What you need to do — All of the data must be output exactly, with every picture left out.

Data —
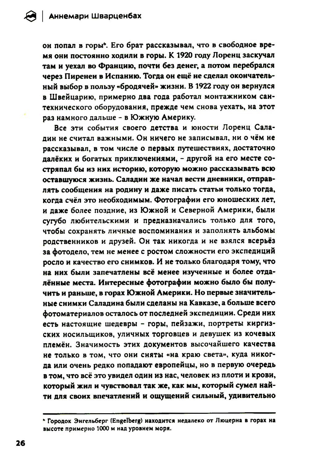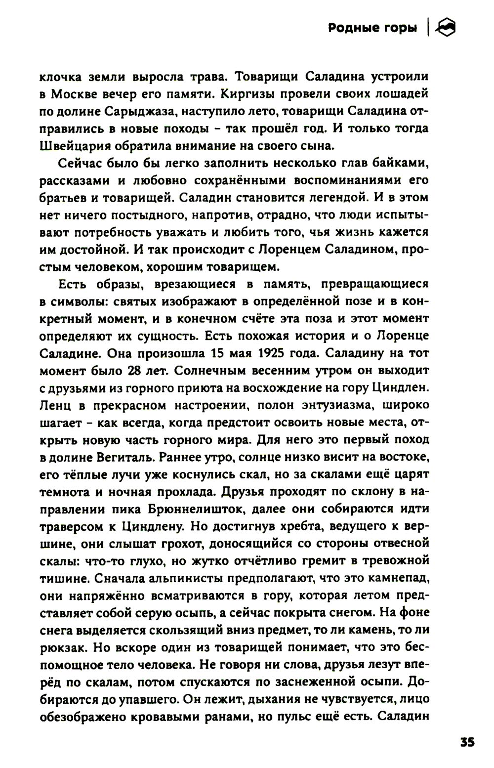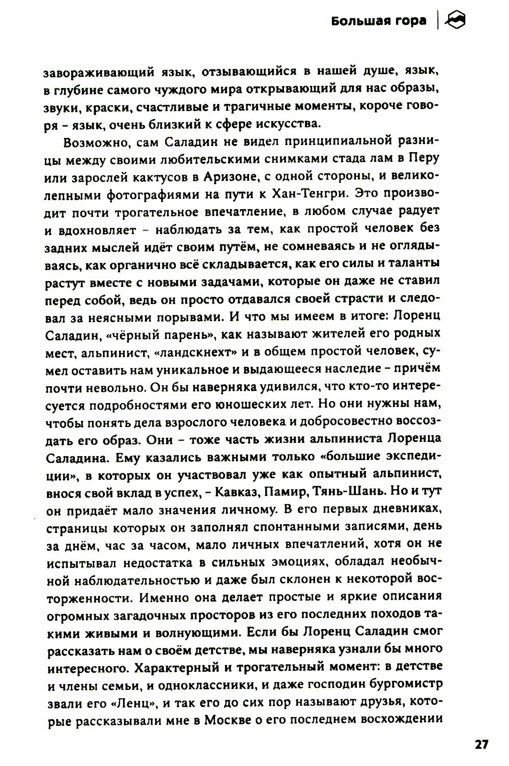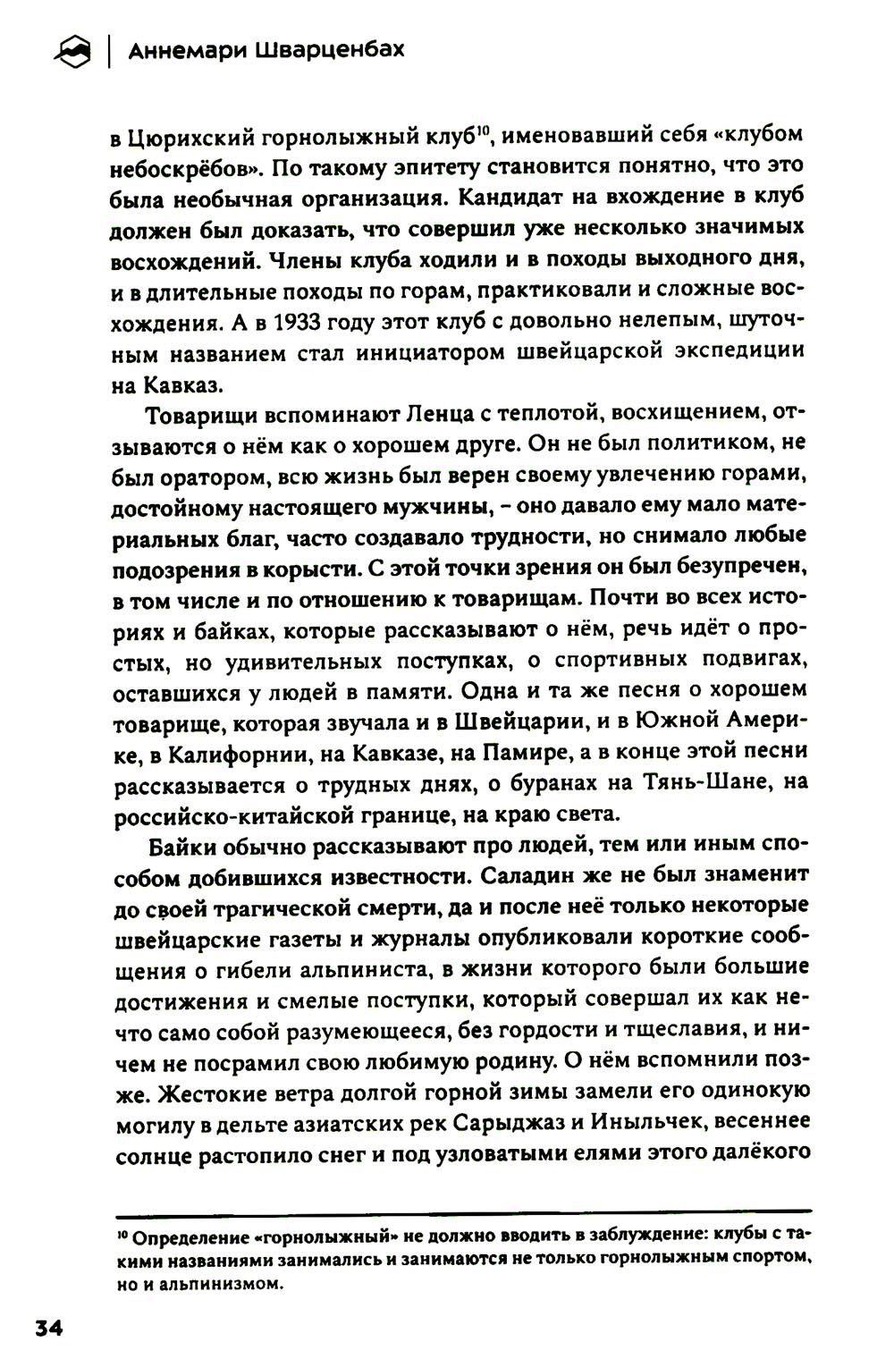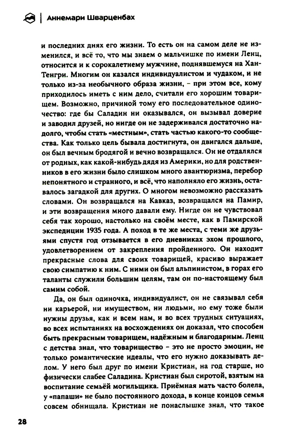 Эта книга - биография фотографа, альпиниста и искателя приключений. Саладина с юных лет манили горы. После службы в армии в Первую мировую войну он успел побывать в США и Южной Америке и принял участие в успешных экспедициях на Кавказ, Памир и Тянь-Шань в Кыргызстане. К сожалению, восхождение на Хан-Тенгри в составе советской экспедиции 1936 года закончилось для него обморожениями и смертью. Его соотечественница Аннемари Шварценбах описывает жизнь и экспедиции Саладина с большим знанием дела, эмпатией и восхищением его мужеством и предприимчивостью. Биографию дополняют многочисленные фотографии Лоренца Саладина, а также эссе Роберта Штайнера и Эмиля Цопфи.| Издательство | Библиотека Спорт-Марафон |
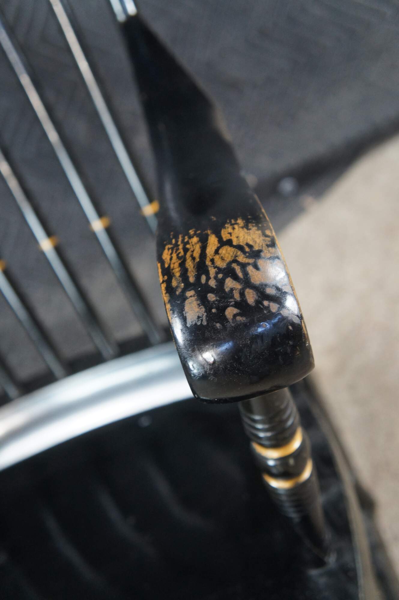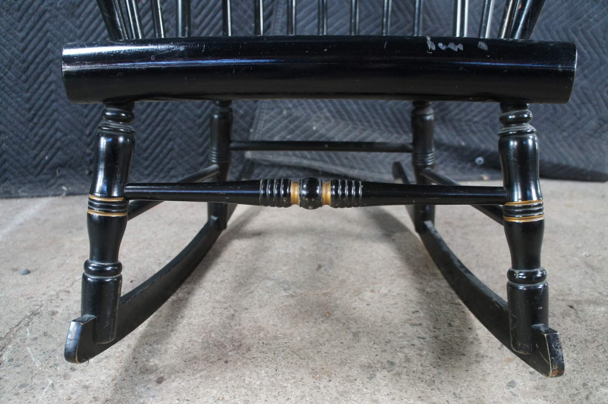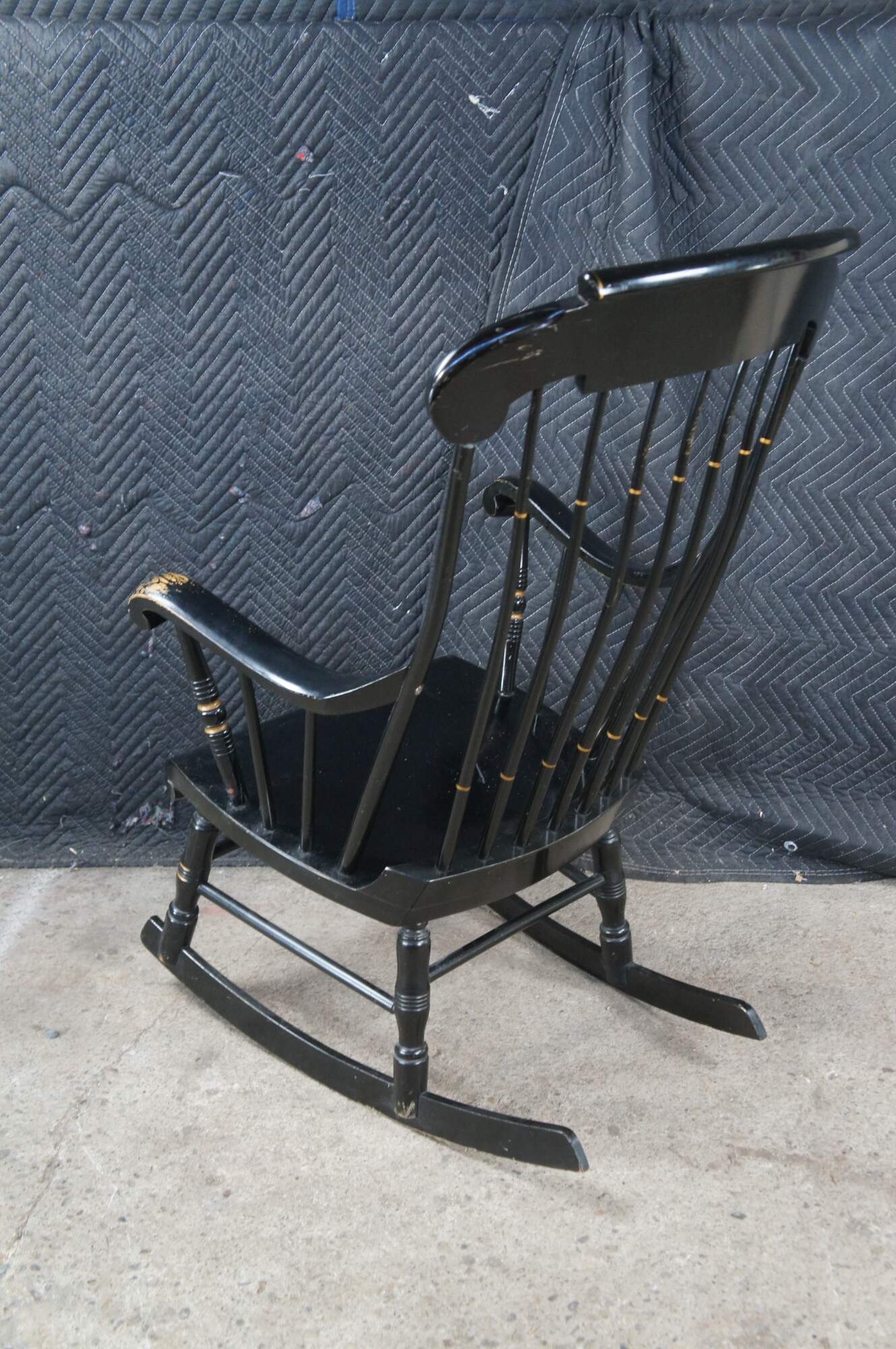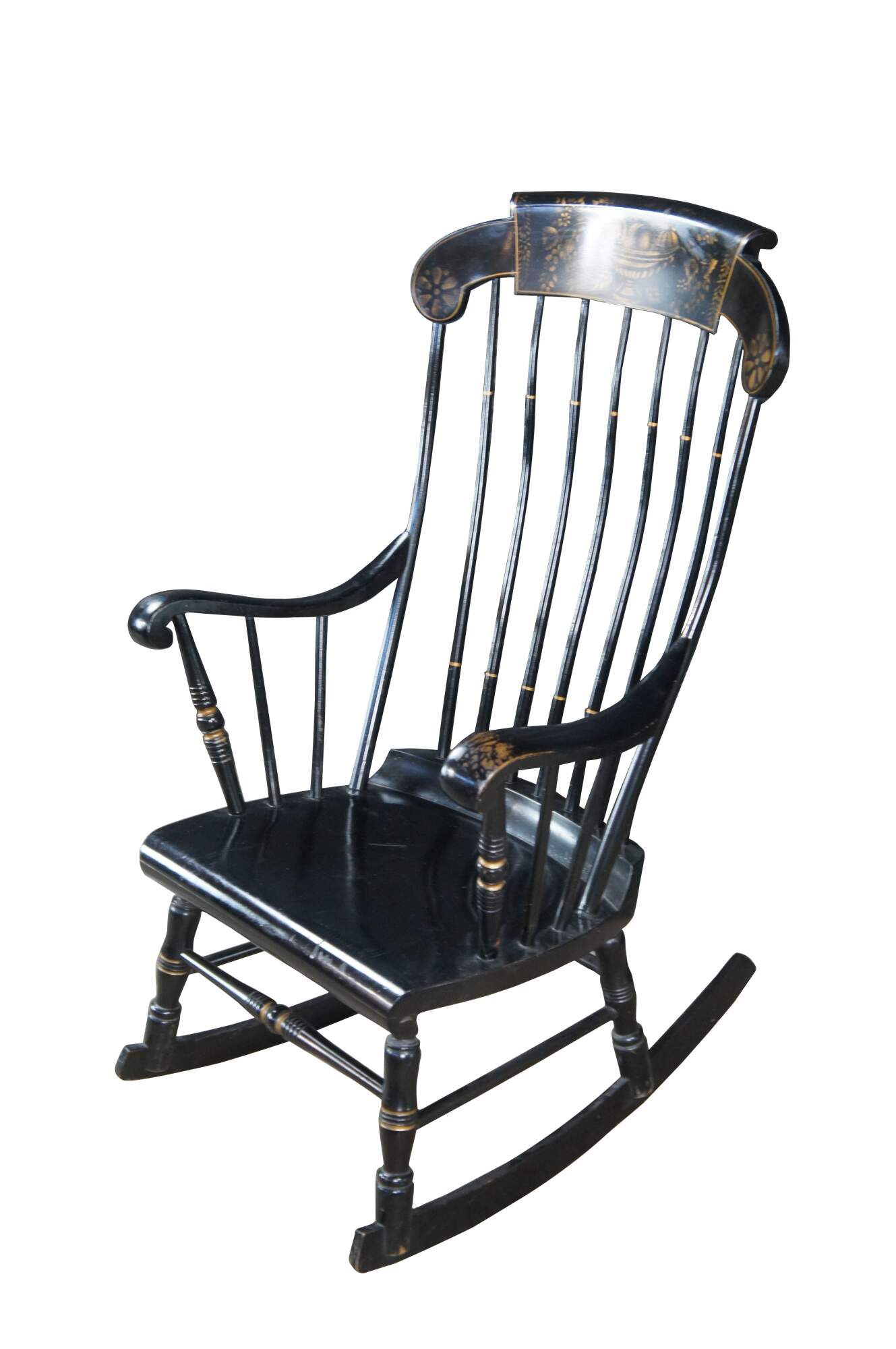 Antique black harvest Colonial Windsor Hitchcock style rocking armchair / rocker featuring an ebonized finish with gold accents and stenciled fruit.
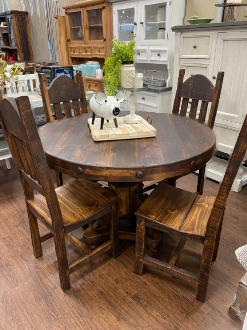 This dining set features distressed wood and nail head trim. It comes with four of our wood back ponderosa chairs. If you would like to order this table with another chair style, please call us at 479.365.2933 and we will be happy to help.

Answer space —
 Эта книга - биография фотографа, альпиниста и искателя приключений. Саладина с юных лет манили горы. После службы в армии в Первую мировую войну он успел побывать в США и Южной Америке и принял участие в успешных экспедициях на Кавказ, Памир и Тянь-Шань в Кыргызстане. К сожалению, восхождение на Хан-Тенгри в составе советской экспедиции 1936 года закончилось для него обморожениями и смертью. Его соотечественница Аннемари Шварценбах описывает жизнь и экспедиции Саладина с большим знанием дела, эмпатией и восхищением его мужеством и предприимчивостью. Биографию дополняют многочисленные фотографии Лоренца Саладина, а также эссе Роберта Штайнера и Эмиля Цопфи.| Издательство | Библиотека Спорт-Марафон |
 Antique black harvest Colonial Windsor Hitchcock style rocking armchair / rocker featuring an ebonized finish with gold accents and stenciled fruit.
 This dining set features distressed wood and nail head trim. It comes with four of our wood back ponderosa chairs. If you would like to order this table with another chair style, please call us at 479.365.2933 and we will be happy to help.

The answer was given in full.